• _Task instructions_: Starting at the line that contains "Bức tranh ruộng" in the listing below, write out every line word for word until you have written the line that contains "潮流夏季男士中袖衬衫五分袖衬衣男修身格子七分袖寸衫衫衣短袖衬".

• _Source material_:
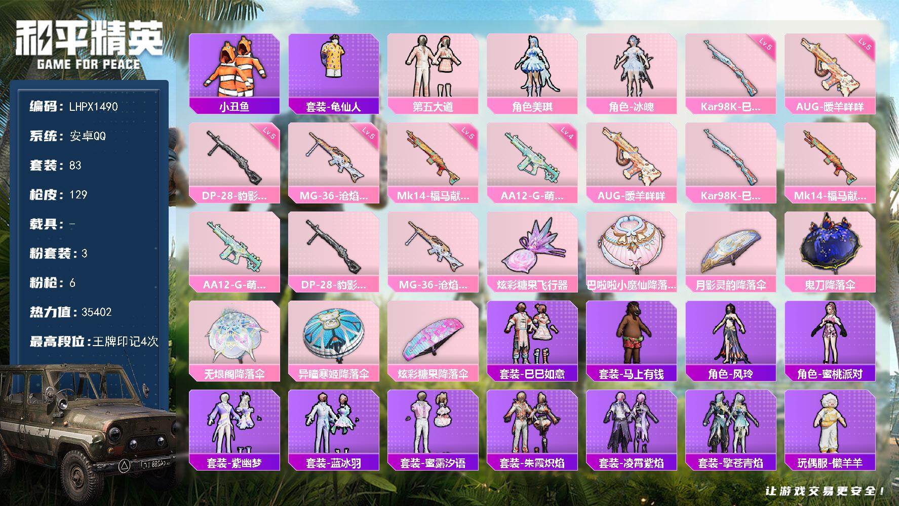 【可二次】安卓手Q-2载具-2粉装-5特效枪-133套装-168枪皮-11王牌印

...

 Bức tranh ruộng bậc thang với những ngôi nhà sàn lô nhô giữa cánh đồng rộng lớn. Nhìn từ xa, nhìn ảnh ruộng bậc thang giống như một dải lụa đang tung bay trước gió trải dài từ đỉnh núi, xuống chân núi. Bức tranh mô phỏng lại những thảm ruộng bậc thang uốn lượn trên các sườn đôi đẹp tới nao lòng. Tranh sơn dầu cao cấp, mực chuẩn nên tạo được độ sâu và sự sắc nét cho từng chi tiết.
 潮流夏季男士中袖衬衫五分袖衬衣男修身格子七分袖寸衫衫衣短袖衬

• _Expected output_:
 Bức tranh ruộng bậc thang với những ngôi nhà sàn lô nhô giữa cánh đồng rộng lớn. Nhìn từ xa, nhìn ảnh ruộng bậc thang giống như một dải lụa đang tung bay trước gió trải dài từ đỉnh núi, xuống chân núi. Bức tranh mô phỏng lại những thảm ruộng bậc thang uốn lượn trên các sườn đôi đẹp tới nao lòng. Tranh sơn dầu cao cấp, mực chuẩn nên tạo được độ sâu và sự sắc nét cho từng chi tiết.
 潮流夏季男士中袖衬衫五分袖衬衣男修身格子七分袖寸衫衫衣短袖衬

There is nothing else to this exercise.